This study aggregates the motor assessment data reported in the literature from the control arm of studies investigating specific interventions in the chronic stroke population. The current analysis of the control group literature provides insight into the longitudinal changes of upper extremity motor status expected among persons with chronic impairments after stroke who engaged in moderate amounts of physical activity. In this study, we considered regular exercise and physical activity as those exercises aimed at increasing strength, endurance, balance, and coordination. We also incorporated physical activity related to incidental daily movements in our analysis. These activities are inherently more variable and lack a standardized structure. To ensure inclusivity, we did not impose any minimum thresholds for duration or intensity on these physical activities. However, we excluded any reported data that included technology assistance such as robotics devices or other formalized interventions such as task-specific training, massed practice, or constraint-induced movement therapy to reduce additional confounding factors and isolate the effect of general physical activity.

Our study is motivated by the desire to quantify the effect size of benefits derived from regular physical activity and exercise during the chronic phase of stroke recovery. This analysis can serve as preliminary evidence to support the need for a prospective meta-analysis. If confirmed, these results could be used as a reference for intervention studies lacking a control group to help assess if effect sizes significantly differ between intervention and general physical activity.

Much uncertainty exists regarding the role of general physical activity in motor recovery. We focus here on the benefits of upper extremity motor skills. For example, while aerobic exercise (7) in chronic stroke has demonstrated improvements in blood pressure, energy expenditure, and Vo2 max, whether these extend to upper extremity motor function remains unclear.

When considering the control group in the chronic phase of stroke recovery, the margin of improvement is highly variable; results reported by individual studies range from no benefits to significant improvement. Therefore, our study addresses the problem of quantifying the reported benefits into an aggregate that could be used as a more representative reference for new interventional studies.

In clinical studies of stroke recovery, the assessment of motor functions in patients is performed using standardized outcome measures. The most frequently used measures for assessing upper extremity impairment and activity capacity in stroke include the Fugl-Meyer Assessment of Upper Extremity (FMA-UE or FM), Action Research Arm Test (ARAT), Wolf Motor Function Test (WMFT), Box and Block test, Chedoke Arm and Hand Inventory, Nine Hole Peg Test, Modified Ashworth Scale (MAS), and Motor Status Scale (MSS). Although none of these metrics is perfect, these scales are generally considered reliable and responsive to motor function changes. They are also recommended as endpoints in stroke recovery trials. Recent studies have compared assessment tools, including the FMA-UE scale, to determine the optimal method to evaluate post-stroke impairment and demonstrated its reliability, validity, and sensitivity to treatment-related change (8–12). In addition, FMA-UE was reported as the most frequently used scale in a recent systematic review (13).

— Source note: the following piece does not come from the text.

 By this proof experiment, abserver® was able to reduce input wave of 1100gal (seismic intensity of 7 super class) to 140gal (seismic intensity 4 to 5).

These results support our choice of the FMA-UE scale as the primary outcome of the present study.

In this paper, we conduct an aggregate analysis to evaluate whether available evidence demonstrates changes in upper extremity motor status when a program of general physical activity is initiated at least 3 months after stroke.

Typically, the chronic phase of stroke is defined as beginning 6 months post-onset. According to the proportional recovery model (14, 15), up to 78% of the recovery in upper extremity function occurs within this 6-month period. Extending this model, recent evidence presented by Grefkes et al. (16) suggests that patients with mild initial deficits may reach a plateau in motor recovery earlier than 6 months. To maximize the number of studies eligible for inclusion in our analysis, we extended the inclusion threshold to 3 months post-stroke. Consequently, the patient populations analyzed may fall within what is typically defined as the late subacute phase, during which spontaneous recovery may still occur and may not be entirely attributable to physical activity.

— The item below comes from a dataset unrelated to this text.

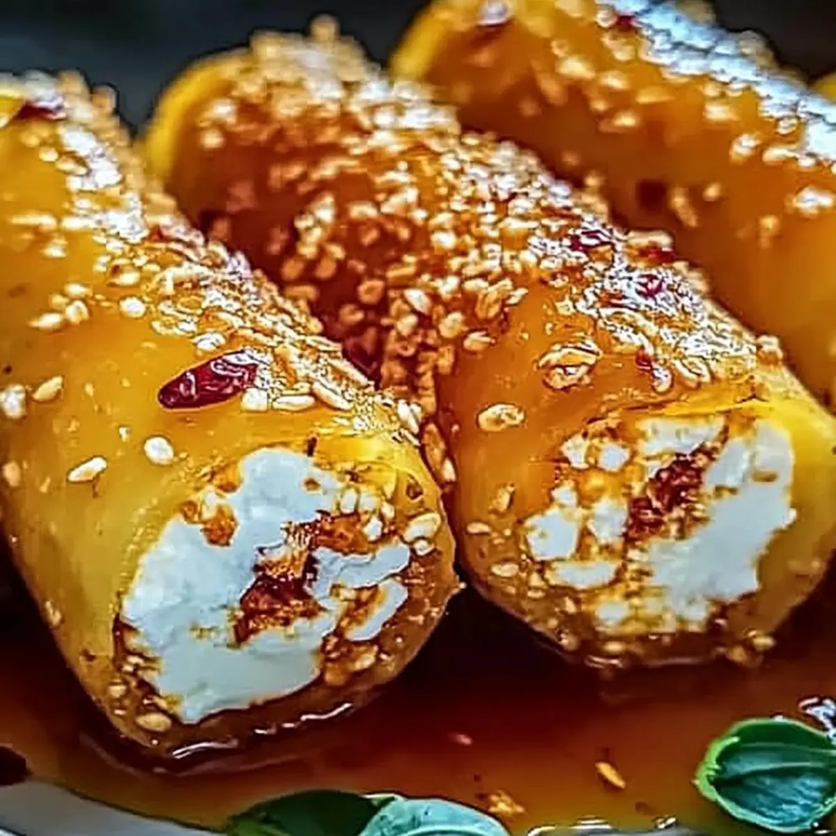 - Drizzle the warm chili honey over the baked feta rolls before serving.

Relevant studies published between 2000 and 2020 were identified via a search on PubMed. Inclusion criteria for this data analysis included patients in a control arm of a stroke trial who were treated with study-provided general physical activity initiated >3 months post-stroke; the study also was required to have collected scores on FMA-UE serially, i.e., before and after the provided physical activity program. Effect sizes for each study's control arm serial difference in FMA-UE (ΔFM) are aggregated in the data analysis. Next, a pooled effect size is computed using the standardized inverse variance weighting scheme. Here, the effect size quantifies the benefits associated with training persons with chronic impairments after stroke who are part of the control arm of the identified trials.

To provide some context, the minimal clinically important difference (MCID) in the subacute and chronic phases of stroke recovery are typically estimated around ΔFM = 9–10 points (17), and ΔFM = 4.25–7.25 points (18), respectively. These values are useful benchmarks when interpreting the efficacy of rehabilitation treatments.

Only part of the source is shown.